## WHAT IS REQUIRED
Your reply should reproduce all the data below exactly while excluding the pictures.

*** RECORDS PROVIDED Section Begins ***

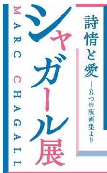
展覧会ロゴマーク（縦）
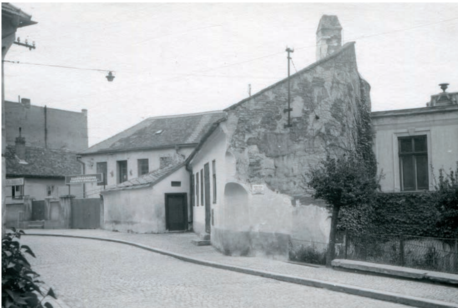
Archiv Vladimíra Hrbka, autor Fiedler, 1972.
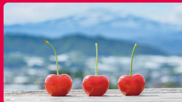
甘くて大きい期待の新品種「やまがた紅王」
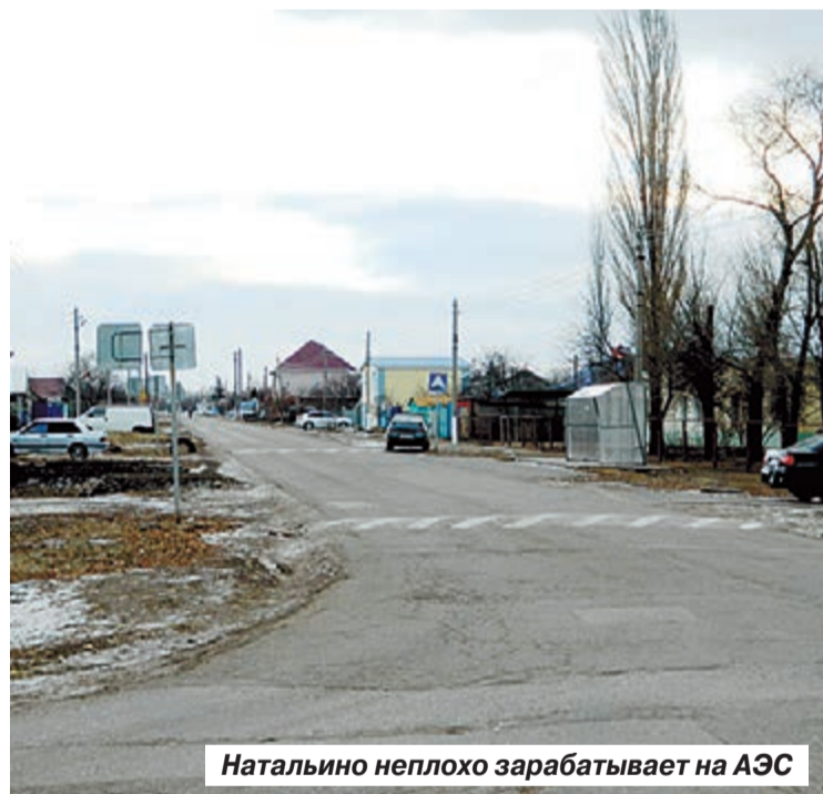
Натальино неплохо зарабатывает на АЭС

ных пунктов в нашем регионе насчитывается 88 вымерших деревень и сел. От них остались только названия, а численность жителей составляет ноль человек. По данным же Всероссийской переписи населения 2010 года в регионе было 95 мертвых сел. Нет, никто в них не заселялся. Просто власти успели ликвидировать некоторые населенные пункты и стереть их названия с карт.
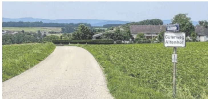
Die Deponie ist nur durch schmale Güterwege erreichbar.

Genehmigt wurde die Deponie bis zum Jahr 2034, laut Bescheid sind von Montag bis Freitag bis zu 40 Lkw-Fahrten pro Tag möglich. Auch an Samstagen kann die Firma Mitter als Betreiber im Bedarfsfall zufahren und Aushubmaterial von diversen Baustellen abladen. Sobald die 94.000 Kubikmeter fassende Deponie gefüllt ist, wird sie geschlossen. Wie lange das dauert, kann derzeit nicht abgeschätzt werden. Fix ist,
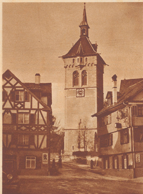
Die katholische Kirche in Arbon. Kennzeichnend für die thurgauische Landschaft ist das Riegelhaus links.

Es sind jetzt etwa siebzehn Jahre her, daß ich mit zwei Freunden über die Grimsel, unterer und oberer Aaregletscher, das Finsteraarhorn und die Jungfrau gemacht habe. Kaum waren wir damals auf dem Rückweg über die Berglöhne auf dem Eismeer angelangt, ging unser Weg an einigen, vier bis fünf Meter hohen Seraks (Eissäulen) vorbei. Der Anblick dieser Eisgebilde war so überwältigend für mich, daß ich halt machte, um sie näher zu betrachten. Meine Gefährten waren weitergegangen und riefen mir nun zu, endlich zu kommen, denn die Säulen könnten jeden Moment zusammenbrechen. Sie riefen mir umsonst, denn ich konnte mich von diesem Naturschauspiel nicht so rasch trennen. Also warteten die Freunde auf mich, und das war unser Glück. In dem Moment, in dem wir aufbrechen wollten, hörten wir über uns ein furchtbares Donnern und Krachen, und kaum hundert Meter weit,
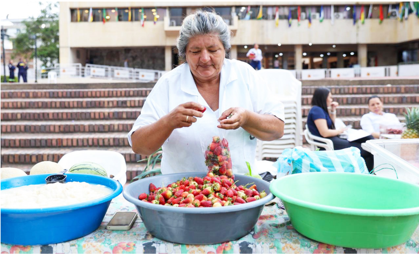
La gobernación del Huila, se comprometió a invertir en la logística.

medianos y grandes, pero los pequeños son los que sacan productos cada mes o cada dos meses. Ellos no tienen canales de comercialización estables, como supermercados o restaurantes. Por eso buscan nuestro apoyo para que lo que producen pueda ofertarse en los mercados campesinos.”

*** RECORDS PROVIDED Section Ends ***

## RESPONSE TO THE EXERCISE
展覧会ロゴマーク（縦）
Archiv Vladimíra Hrbka, autor Fiedler, 1972.
甘くて大きい期待の新品種「やまがた紅王」
Натальино неплохо зарабатывает на АЭС

ных пунктов в нашем регионе насчитывается 88 вымерших деревень и сел. От них остались только названия, а численность жителей составляет ноль человек. По данным же Всероссийской переписи населения 2010 года в регионе было 95 мертвых сел. Нет, никто в них не заселялся. Просто власти успели ликвидировать некоторые населенные пункты и стереть их названия с карт.
Die Deponie ist nur durch schmale Güterwege erreichbar.

Genehmigt wurde die Deponie bis zum Jahr 2034, laut Bescheid sind von Montag bis Freitag bis zu 40 Lkw-Fahrten pro Tag möglich. Auch an Samstagen kann die Firma Mitter als Betreiber im Bedarfsfall zufahren und Aushubmaterial von diversen Baustellen abladen. Sobald die 94.000 Kubikmeter fassende Deponie gefüllt ist, wird sie geschlossen. Wie lange das dauert, kann derzeit nicht abgeschätzt werden. Fix ist,
Die katholische Kirche in Arbon. Kennzeichnend für die thurgauische Landschaft ist das Riegelhaus links.

Es sind jetzt etwa siebzehn Jahre her, daß ich mit zwei Freunden über die Grimsel, unterer und oberer Aaregletscher, das Finsteraarhorn und die Jungfrau gemacht habe. Kaum waren wir damals auf dem Rückweg über die Berglöhne auf dem Eismeer angelangt, ging unser Weg an einigen, vier bis fünf Meter hohen Seraks (Eissäulen) vorbei. Der Anblick dieser Eisgebilde war so überwältigend für mich, daß ich halt machte, um sie näher zu betrachten. Meine Gefährten waren weitergegangen und riefen mir nun zu, endlich zu kommen, denn die Säulen könnten jeden Moment zusammenbrechen. Sie riefen mir umsonst, denn ich konnte mich von diesem Naturschauspiel nicht so rasch trennen. Also warteten die Freunde auf mich, und das war unser Glück. In dem Moment, in dem wir aufbrechen wollten, hörten wir über uns ein furchtbares Donnern und Krachen, und kaum hundert Meter weit,
La gobernación del Huila, se comprometió a invertir en la logística.

medianos y grandes, pero los pequeños son los que sacan productos cada mes o cada dos meses. Ellos no tienen canales de comercialización estables, como supermercados o restaurantes. Por eso buscan nuestro apoyo para que lo que producen pueda ofertarse en los mercados campesinos.”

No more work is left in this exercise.